Given data

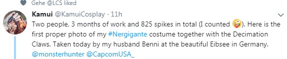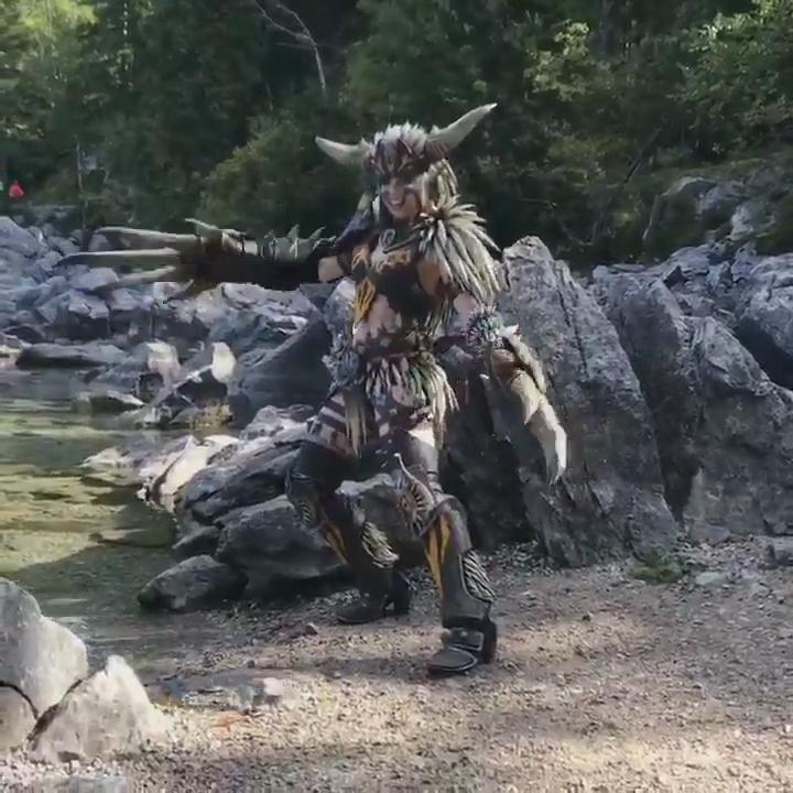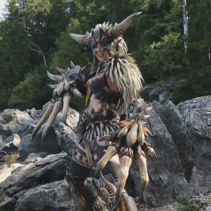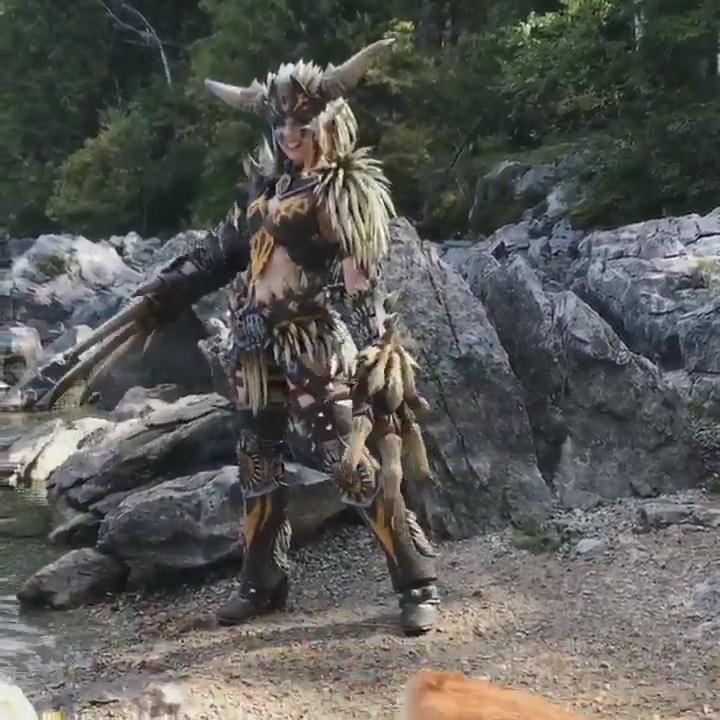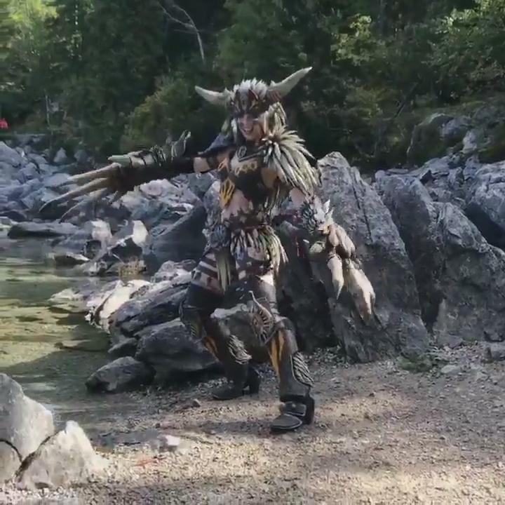 大神Kamui推特:2个人,3个月的劳作,总共825块尖刺(我数了)。这是首张我的灭尽龙套装和残灭之爪的正式照。今天由我的丈夫Benni在美丽的德国艾比湖拍摄。
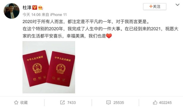 狗血的2020在郭敬明和于正的深夜道歉函中落下帷幕。新年伊始,旧恨暂平,随着万象更新,娱乐圈也喜讯频传。缺席湖南卫视跨年晚会的当红主持人谢娜,于1月1日中午发微博证实怀上二胎宝宝;紧接着,演员杜淳突然公布婚讯,宣布自己从油腻大叔转身成为已婚男人,不过,登上热搜的关联词却是:“杜淳老婆是谁?”
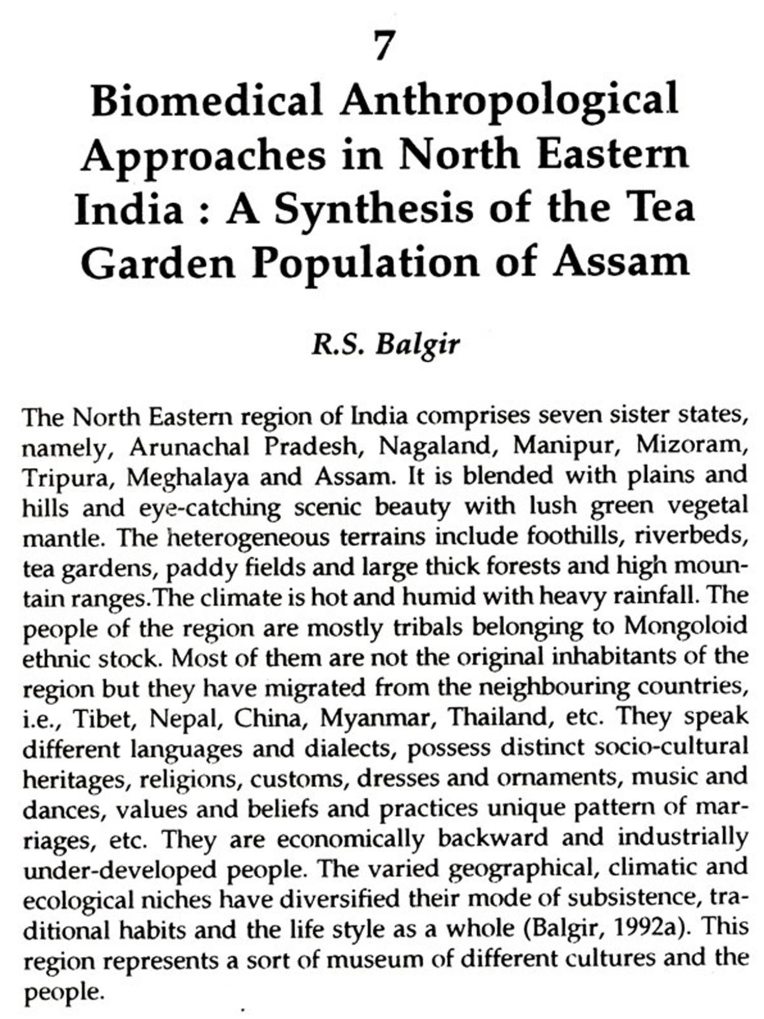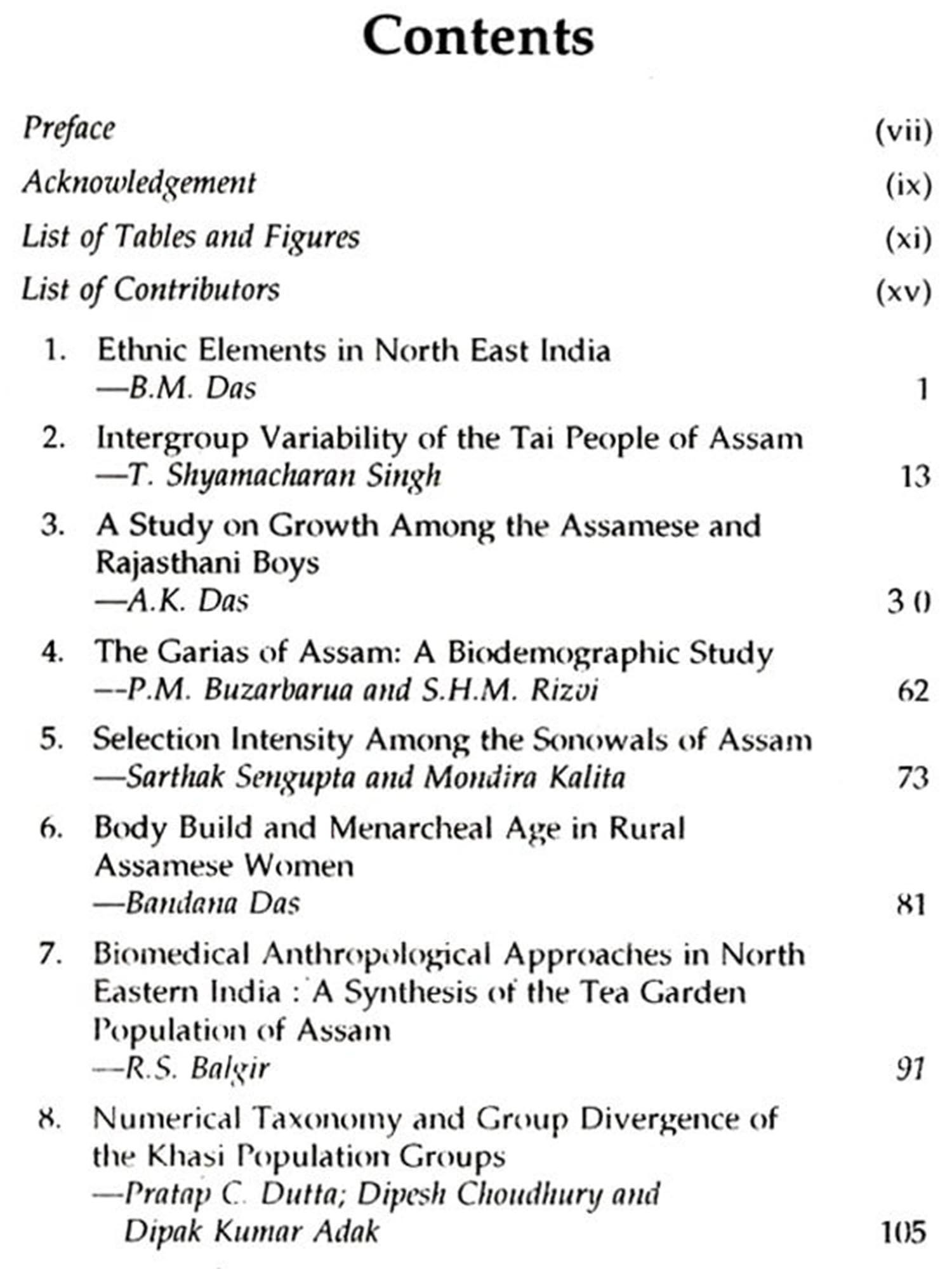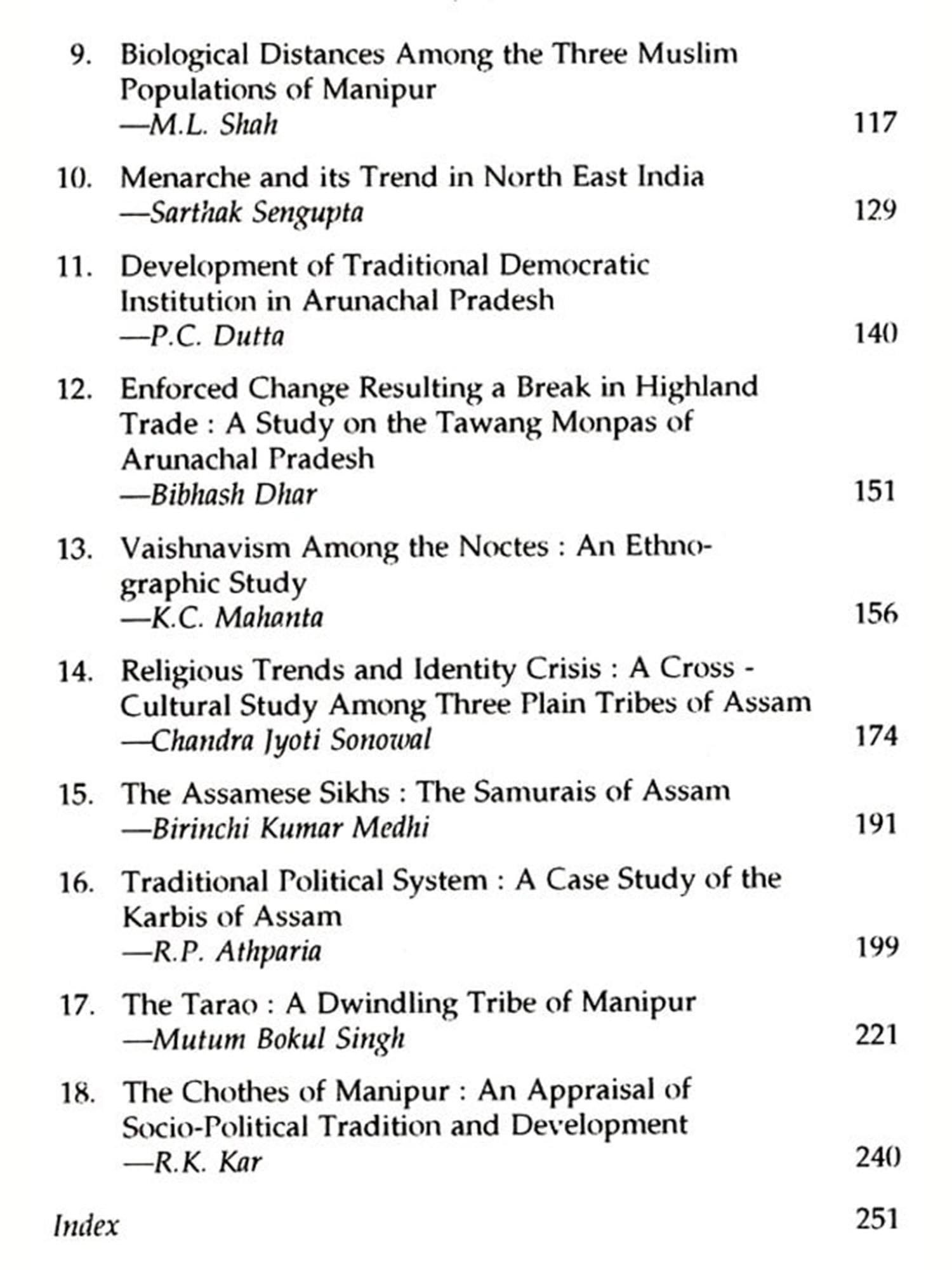 The volume contains a collection of eighteen articles pertaining to some important facets of anthropology like studies on ethnic elements, inter-group variability, human growth, bio-social and medical anthropological aspects, colourful cultural life, tribal institutions, process of Sanskritization, forms of political system, identity dynamics etc. among the vast and varied types of People of North East India. The volume specially covers the tribal inhabitants, muslim and tea-garden immigrants of the region. The volume, however, in no way can claim to have projected a thorough picture of the multifarious people of the region, but a good cross-section of man, society and culture of North East region is here reflected.
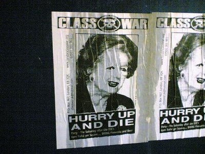 Margaret Thatcher, después de morir en el Hotel Ritz, un símbolo de la desigualdad si alguna vez hubo uno, tiene su funeral con “todos los honores militares» el 17 de abril. Si a algunas gentes les parece extraño que a otros nos alegraría bailar en la tumba de una anciana senil, es porque todavía estamos entre sus víctimas, después de todo este tiempo. ¿Significa su muerte que podemos reclamar cierto poder para hacer un cambio?. Un pequeño aumento en nuestra confianza en este momento en la lucha de clase puede ser vital. Incluso si hay algún tipo de ruptura sobre el pasado otorgándole un estridente e irrespetuoso “se acabó”, hay que sacudirse la resaca y usar estas dos o tres semanas como una oportunidad para hablar con nuestros compañeros de trabajo, amigos, familia, y todo el mundo sobre nuevos comienzos y nuevas posibilidades. Pero primero, vamos de fiesta!
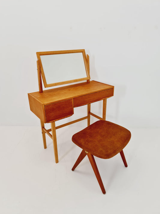 Mid Century Modern Danish Oak vanity table/ make up table by Ateljé glas och trä, Hovmantorp, 1960s
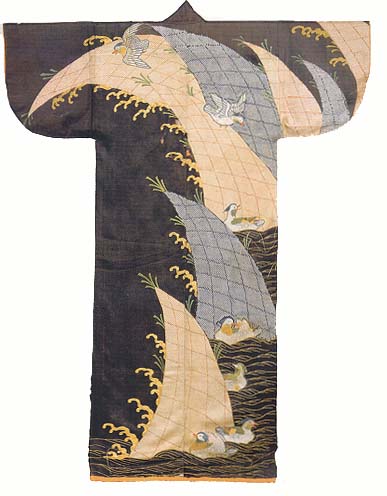 Kosode with waves and mandarin ducks
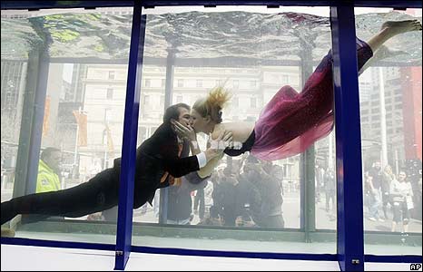 9名穿著時(shí)尚的模特,爬上梯子后,縱身跳入位于悉尼環(huán)形碼頭的水槽,讓攝影師捕捉鏡頭,同時(shí)也取悅路人。

Instructions for the task
From the line containing "Kosode with waves and mandarin ducks" to the end of the listing, restate each line word for word and nothing more; the pictures stay out.

Response area
 Kosode with waves and mandarin ducks
 9名穿著時(shí)尚的模特,爬上梯子后,縱身跳入位于悉尼環(huán)形碼頭的水槽,讓攝影師捕捉鏡頭,同時(shí)也取悅路人。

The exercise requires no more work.